Analyzing and Synthesizing Healthcare Time Series Data for Decision-Support
Abstract
Even though the healthcare industry is one of the biggest data generating industries of current time, researchers often do not enjoy the availability of large volume of good quality data. However, state-of-the-art techniques, for computational analysis, depend on large volume of good quality data. Moreover, healthcare time series datasets often come with their own sets of challenges; they can be unannotated, not labeled with lots of inter and intra patient variability. On top of that, clinicians lack an objective protocol to determine whether particular patterns are present in the data. Respiration Induced Tumor Motion or RITM dataset is one such dataset. Using this dataset we present three different analytical studies, where we analyze the datasets using unsupervised machine learning techniques to provide: i) patient similarity as a solution to handle lack of control dataset and variability present, ii) summary of the dataset as low dimensional profiles of the patients, and iii) annotation of the dataset via computational characterization of medically relevant patterns.
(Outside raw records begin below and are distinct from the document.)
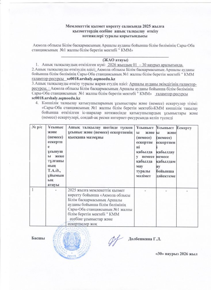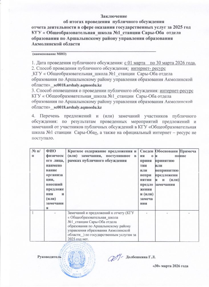 Коммунальное государственное учреждение "Общеобразовательная школа № 1 станции Сары-Оба отдела образования по Аршалынскому району управления образования Акмолинской области"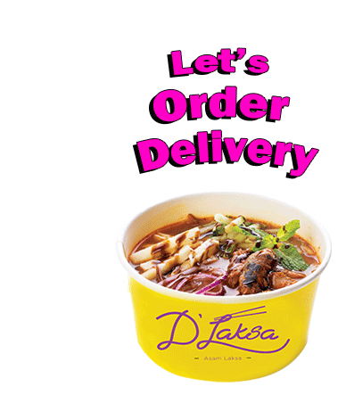 A vibrant animated sticker featuring a delicious bowl of D'Laksa Asam Laksa, encouraging viewers to order delivery.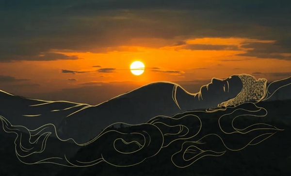 仔细瞧瞧,金色的朝阳下,群峰巅上是不是躺着一个“人”,就是这个家伙第一眼就堪称惊艳!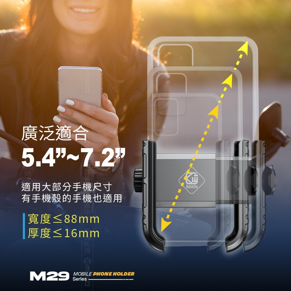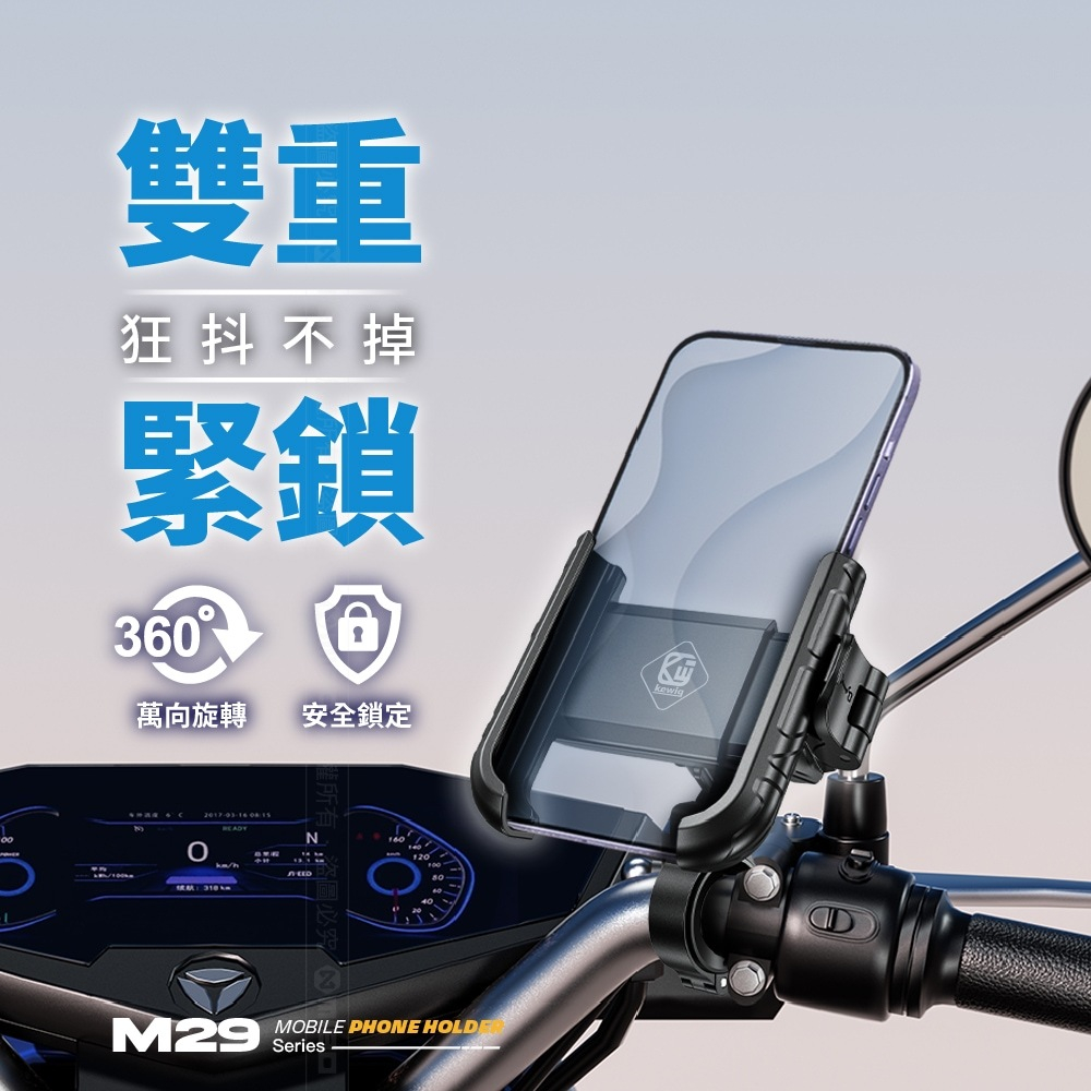 KEWIG 凱威格 M29-C1 摩托車 機車手機架 快扣夾式 不擋鏡頭 導航車架 工廠直營 總代理公司貨 新品上市H3-BK 黑色鋁合金後視鏡座雙螺孔|H3-RE 紅色鋁合金後視鏡座雙螺孔|H3-BL 藍色鋁合金後視鏡座雙螺孔|M29-C1 標準車把版|H1 塑料後視鏡座Phone HoldersMICHELIN 米其林生活精品官方旗艦館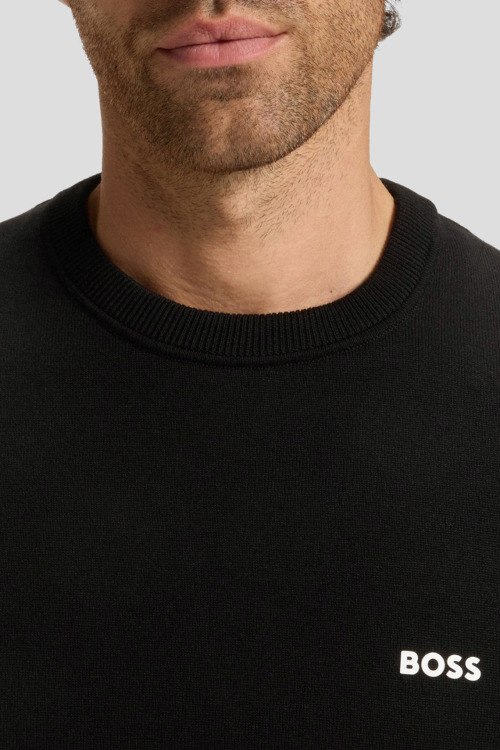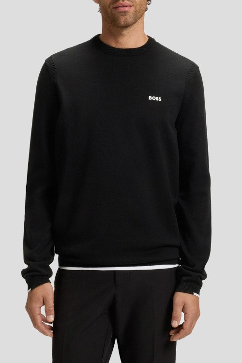 Детали: Мужской черный хлопковый джемпер K_Ever-X от Hugo by Hugo Boss (Хуго бай Хуго Босс). Логотип на груди, круглый вырез горловины, классическая длина, ребристые манжеты и нижний край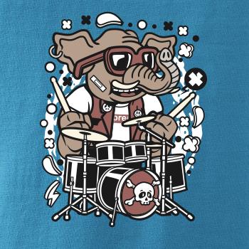 Tričko so slonom, ktorý hraje na bicie, je vhodný darček pre bubeníka.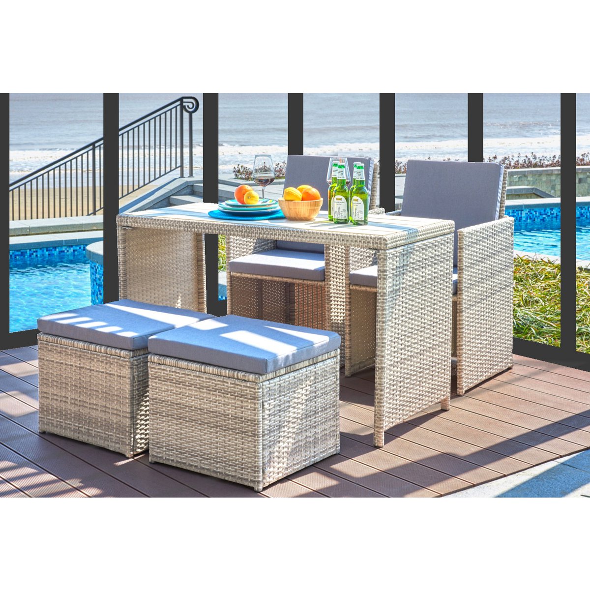 Deze exclusieve 9-delige. Tuinmeubelen bieden u veel ruimte en comfort. Bestaande uit twee stoelen, twee krukken en een tafel voldoet hij niet alleen aan de hoogste visuele normen, maar ook de gebruikte materialen voldoen aan de beste kwaliteitsnormen en zorgen voor stabiliteit en een lange levensduur. Ideaal voor koffie in de middagzon of een glas wijn op een gezellige zomeravond. Geniet van de comfortabele zitplaatsen van deze lounge. De set is gemaakt van weerbestendig, UV-bestendig polyrotan – dit ziet eruit als conventioneel rotanvlechtwerk, maar is veel robuuster. Dit maakt de set ideaal voor buitengebruik. Uiteraard kunt u dit meubel ook in een wintertuin plaatsen. Waar ze ook geplaatst worden, ze roepen een aangename vakantiesfeer op en zijn zeer comfortabel.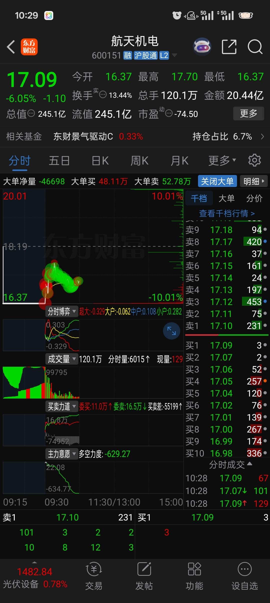 $航天机电(SH600151)$ 一波快速拉升之后,都是密集的出货,待水下时间久了,拉不起来了,尾盘不跌停就行了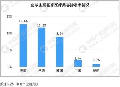 而醫(yī)美行業(yè)在歐美發(fā)達國家市場滲透率達12.6%,而中國市場滲透率只有2.0%,市場空間大,市場前景非常好!
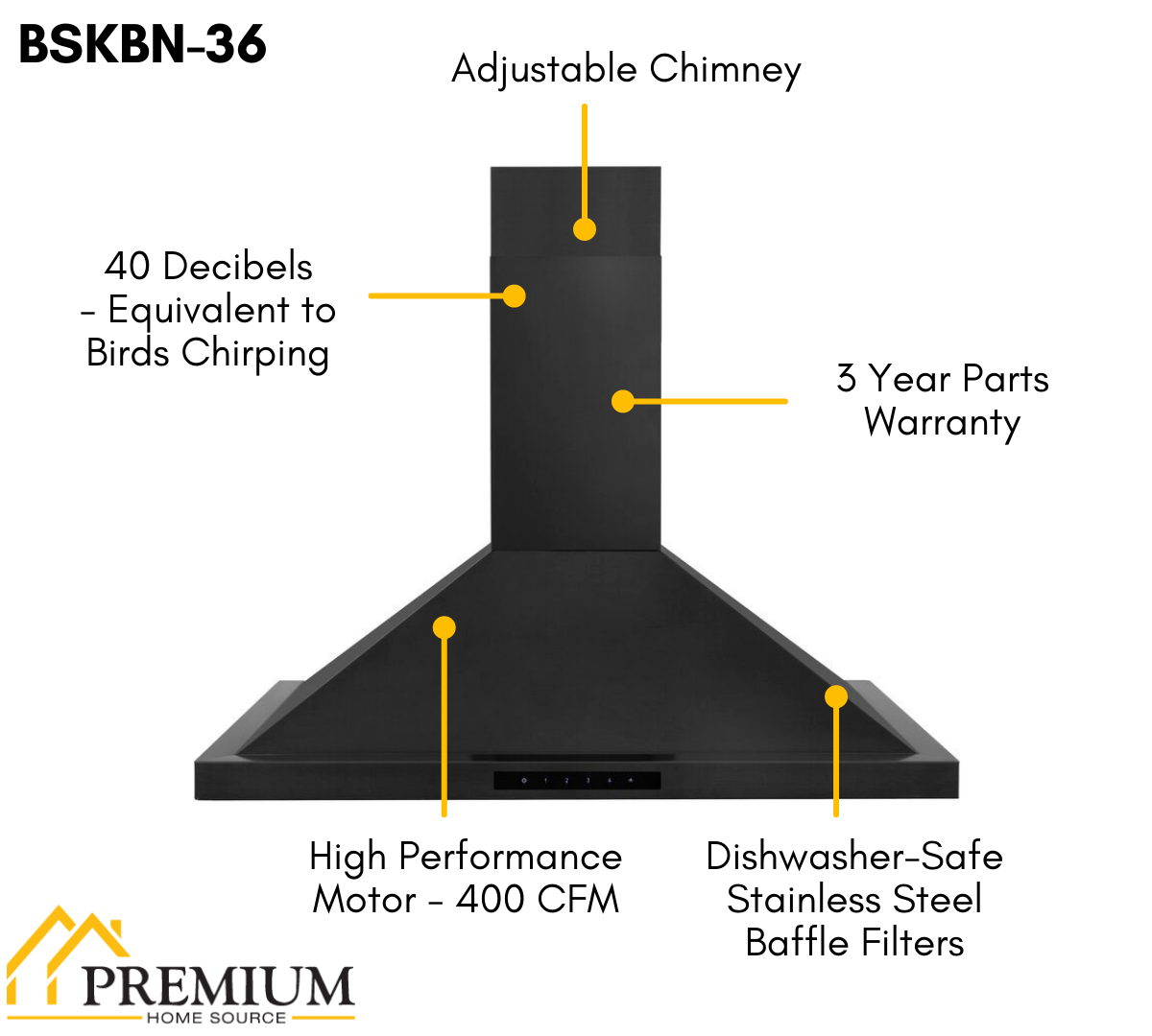 - Professional Grade. Classic 430 grade black stainless steel, this range hood contains rust, temperature, and corrosion-resistant properties to ensure a durable vent hood that will last for years to come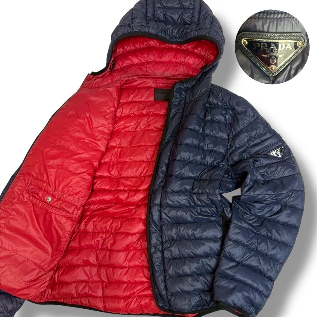 - 931 現行◎美品●プラダ PRADA 三角ロゴプレート ライト ダウンジャケット アウター ブルゾン ネイビー 紺 赤 フード ロゴM 46 メンズ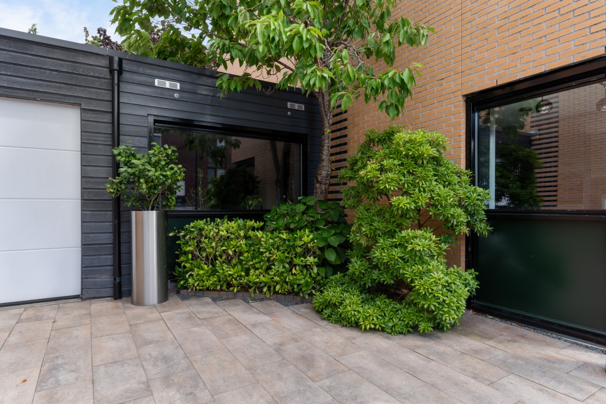 Through the beautifully landscaped front garden with private parking, you reach the entrance of the house.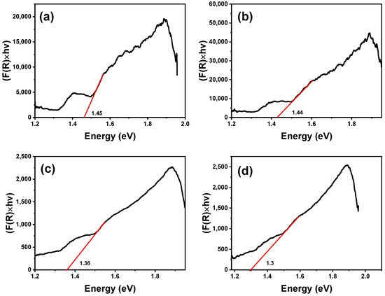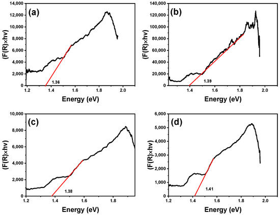 Bandgap of S samples: (a) S1; (b) S2; (c) S3; (d) S4.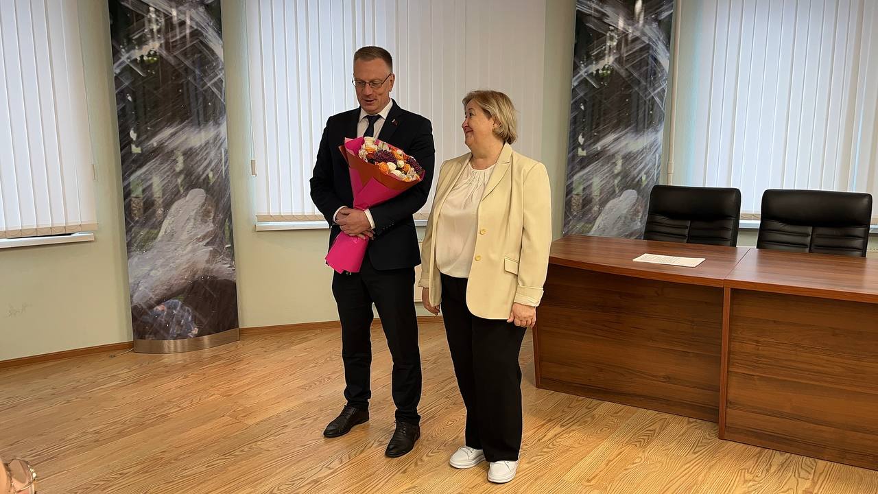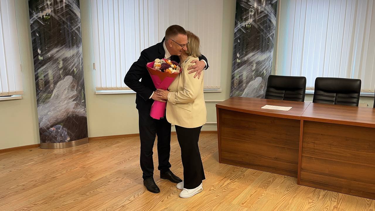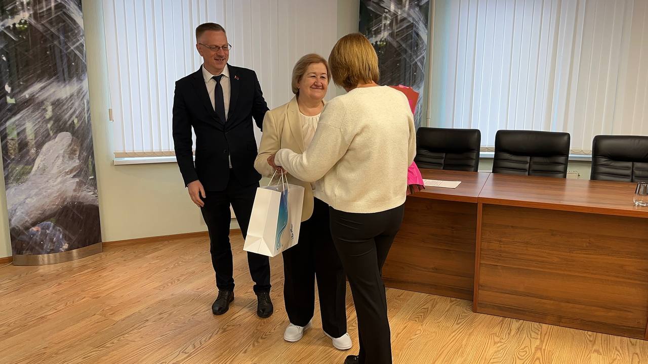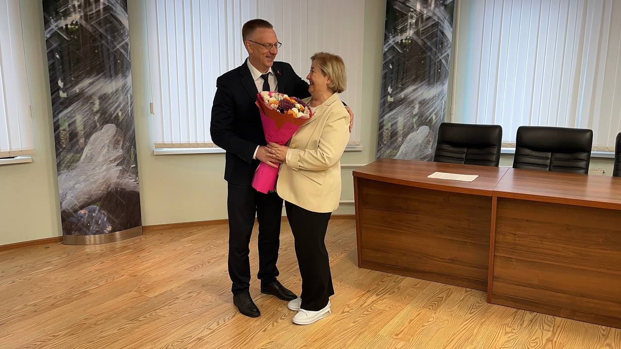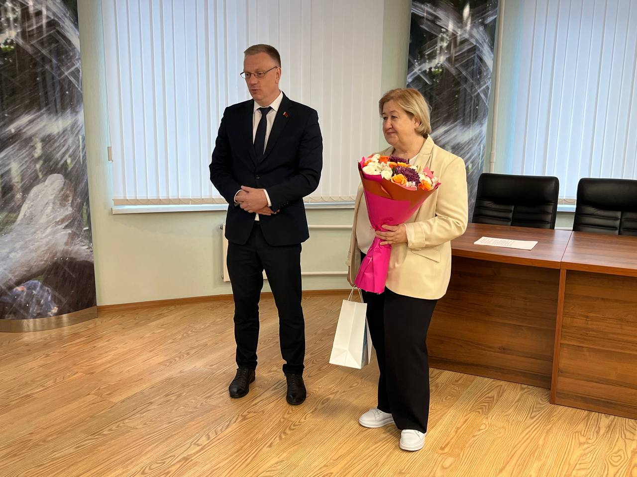 В торжественной обстановке, в присутствии коллег, директор предприятия Фёдор Викторович Римашевский поздравил Анжелику Владимировну и выразил слова благодарности за профессионализм и многолетний труд, пожелал здоровья, благополучия и дальнейших успехов в работе.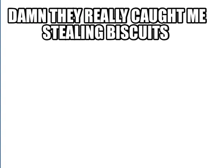 Make your own "Damn they really caught me stealing biscuits" meme with MemeCreator's free online meme generator. Add text, stickers, and drawings — then download or share. No watermark, no sign-up required.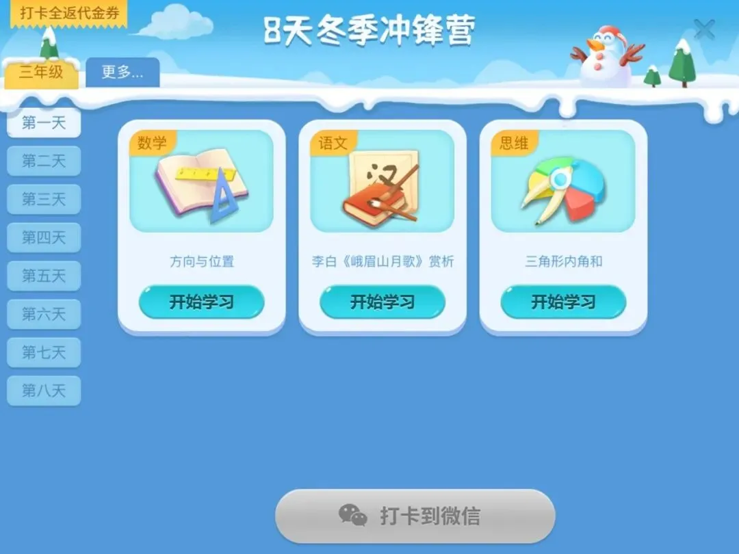 参与此次团购还将获赠冬季冲锋营一期,里面有8天的学习内容,包括语文数学和思维训练。这个冲锋营也有打卡活动,打满会送代金券。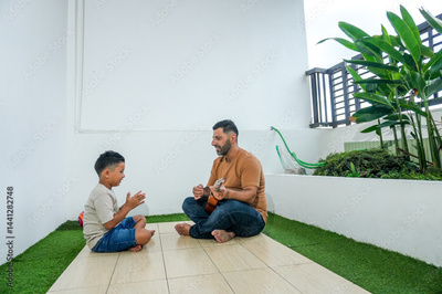 Father Playing Ukulele With Son At Home Terrace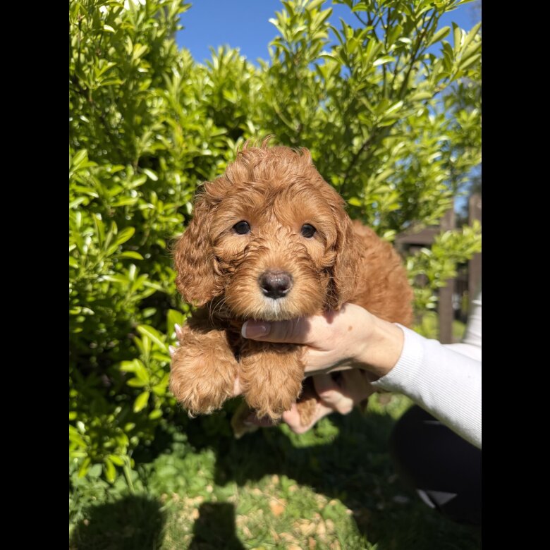 We have 1 male pup available, all pups are a stunning ruby red colour with low/non-shedding coats. The miniature F1b Cavapoo is a cross between a first-generation Cavapoo and a miniature poodle, making them known for their lovely temperament, intelligence, and low-shedding coats. Dad, Reggie, is a DNA-tested red miniature poodle, imported from Russia to introduce fresh bloodlines into what can often be an over-condensed market. Our puppies are born and raised in our family home with lots of love and interaction from both myself and my family. As part of our early socialisation programme, the puppies will undergo: * Early Neurological Stimulation (ENS) * Early scent and sound introduction * Familiarisation with everyday household noises such as the hoover, washing machine, TV, etc. * Exposure to children and other animals, including cats This helps ensure the puppies grow into confident, well-adjusted companions. Puppies will be ready for their forever homes from early may (this can be discussed when reserving). Each puppy will come with: * A puppy pack * Microchipping * Vaccination documents * DNA testing documents for both parents *Health check Please note: * As responsible breeders, we reserve the right to refuse or decline a sale if we feel a home is not suitable. Our priority is always the safety and welfare of the puppies. * A non-refundable deposit of £500 is required to secure your puppy of choice. * If a deposit has been paid but the purchase is not completed, we reserve the right to offer the puppy to another buyer. If you’re interested or would like more information, feel free to get in touch — we’re happy to answer any questions! WhatsApp
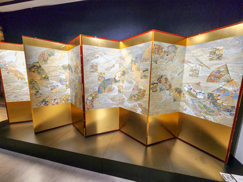 俵屋宗達の豪快な扇面流図の屏風(西陣織あさぎ謹製)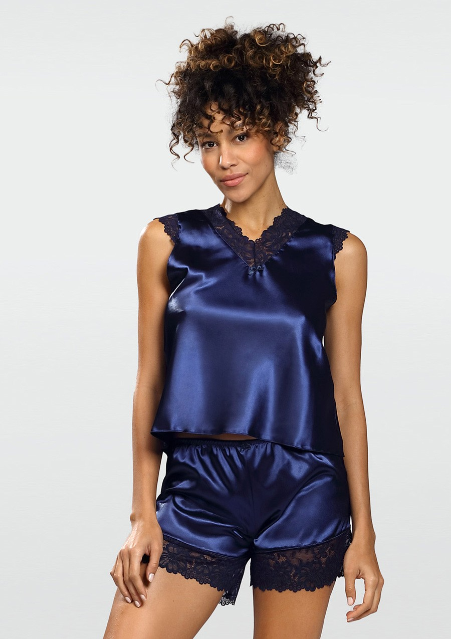 Szukasz idealnej dla siebie piżamki? Co powiesz na Komplet Skaylor? Ta pizama satynowa składa się z koszulki oraz krótkich spodenek z elastyczną gumką w pasie. Top posiada szerokie naramki. Obydwie są obszyte malutkim koronkowym materiałem w kolorze granatowym. To sprawia, że koszulka zyskuje krótki rękaw. Ta sama kwiecista koronka jest również wszyta przy dekolcie oraz na zakończeniu nogawek. Na środku biustu oraz na górze spodenek przyszyta jest urocza, mała kokardka. Komplet Skaylor wykonany jest z delikatnego materiału satynowego. Przekonaj się jak przyjemnym uczuciem jest dotyk chłodnej satyny na nagim ciele. Komplecik ten dostępny jest w kolorze granatowym. Jeśli spodobał Ci się ten model, zachęcamy Cię do dokładniejszego zapoznania się z naszą ofertą. Nie zapomnij jeszcze sprawdzić naszej tabeli z rozmiarówką. W końcu odpowiednio dobrana bielizna może zdziałać cuda!  Zapraszamy!

The latter two case studies help oncologists objectively decide whether medically relevant patterns are present in the data (or not) and to map the patterns to treatment planning strategies. In order, to push the analysis of RITM dataset into the realm of supervised learning, we also use a genetic algorithm implementation of healthcare time series data synthesis. This in return lead us to investigate data synthesis methods for general healthcare time series data.